The new PwC and NetIQ™ by OpenText™ framework now reaches some 50,000 municipality users who in turn serve hundreds of thousands Danish citizens. Whereas before it could take an individual municipality up to 100 hours to integrate a single national system, now it takes a mere 1–2 hours in a well-proven, robust, 24/7 infrastructure, supported by PwC. “Before we worked with the PwC framework, our regular audits would be a time-consuming business, involving data exports from various systems,” says Oldin. “Now, we create a report from [OpenText™ NetIQ™] Identity Manager which shows exactly how our data moves between systems and what workflows are involved. Instead of spending a month with our auditors we now finish the report within just two weeks; a 50 percent productivity gain.”
We like that [OpenText™ NetIQ™] Identity and Access Manager are event driven. This means we detect changes as they happen, rather than waiting for scheduled reconciliations that might leave us vulnerable in the meantime. Our data is too sensitive for this.
Encouraged by feedback from the participating municipalities, PwC continually looks to enhance the framework. Recent additions are NetIQ Identity Governance and NetIQ File Governance. These are designed to use identity-based policies to automatically provision data storage, assign permissions, and control access. The framework can also be leveraged to provision users more quickly and free up IT resources. “With [OpenText™ NetIQ™] Identity Governance and File Governance as part of the framework, our municipality partners have a convenient and user-friendly way to review their users’ permissions, vastly improving security compliance and transparency,” says Jensen.

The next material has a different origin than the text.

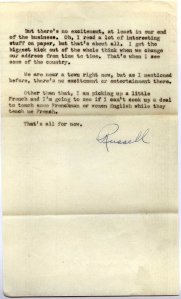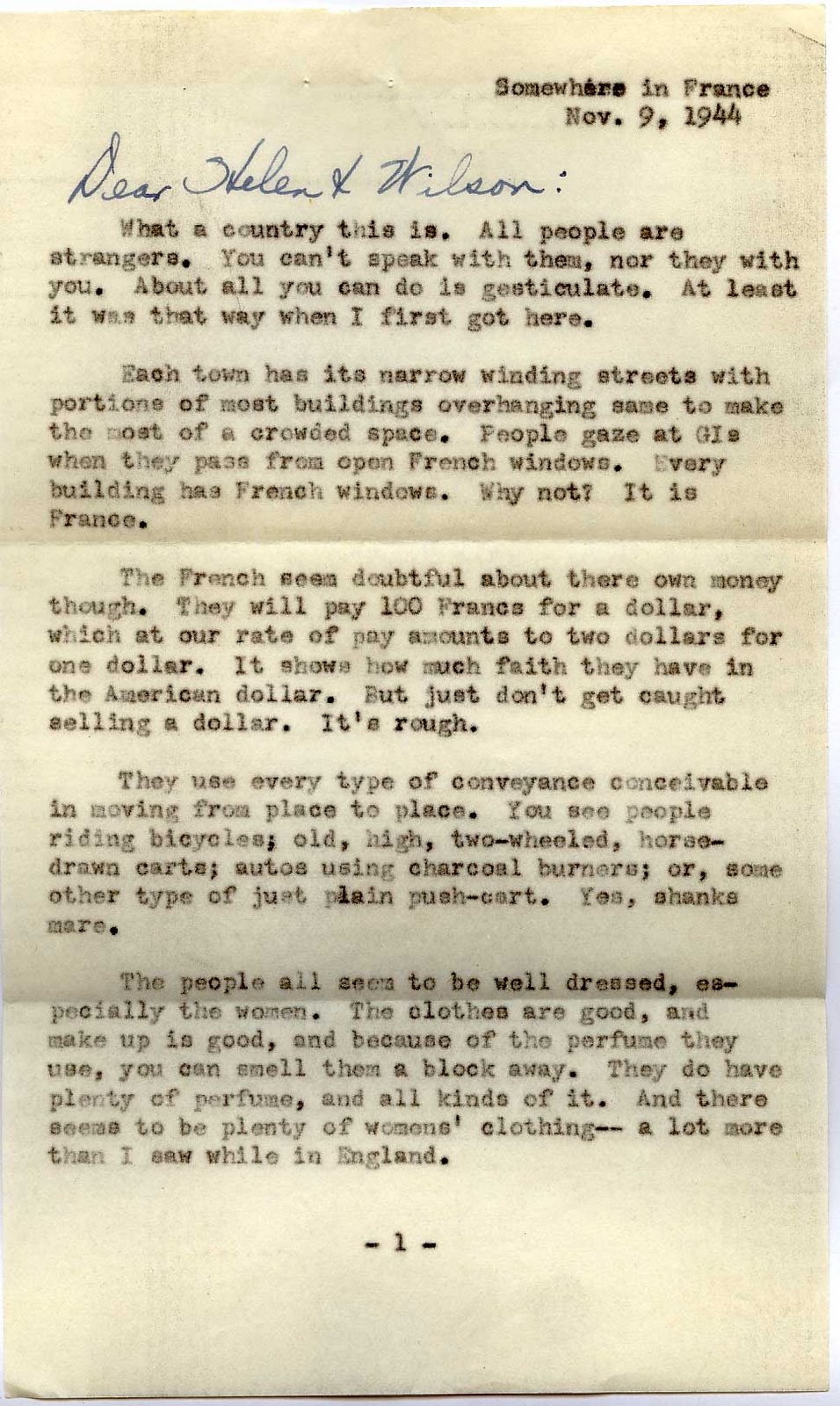 The French seem doubtful about there own money though. They will pay 100 Francs for a dollar, which at our rate of pay amounts to two dollars for one dollar. It shows how much faith they have in the American dollar. But just don’t get caught selling a dollar. It’s rough.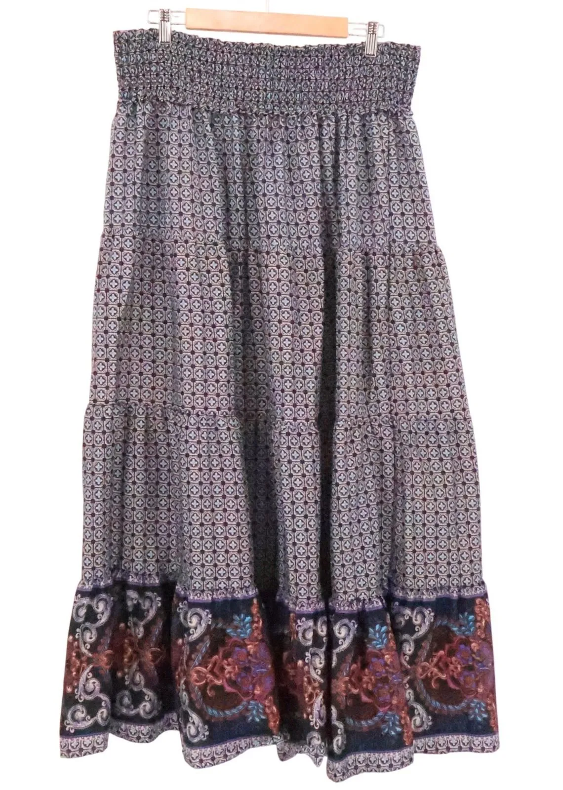 Bohemian, Comfort, Casual, Church, Going Out Smocked elastic waist, tiered, geometric paisley pattern, made in India Condition: Excellent pre-owned condition. Measurements in photos – please review measurements prior to purchase to ensure fit. Measurements: • Waist: 17.5 in (flat) • Length: 40.5 in Please note: Color may vary slightly due to lighting and screen differences. Offers welcome!

Managers are easily able to review their staffs’ permission rights and if they decide that a person should no longer have particular rights a one-click ‘revoke’ triggers an automated workflow that actions this without any further human intervention. “We’ve spoken with our municipality partners about the savings they have achieved using the new framework,” concludes Jensen. “One large municipality estimates that they would on average have lost 10 percent of productivity, due to new users not being able to access the right systems, or not having a user account at all when they start work. For this particular municipality the productivity saving through having the OpenText™ NetIQ™ driven framework adds up to 42,000 person hours each year, which is an astonishing time that now can be spent on effectively serving and supporting their citizens.”
PwC’s purpose is to build trust in society and solve important problems. In an increasingly complex world, they help intricate systems function, adapt, and evolve so they can benefit communities and society whether they are capital markets, tax systems or the economic systems within which business and society exist.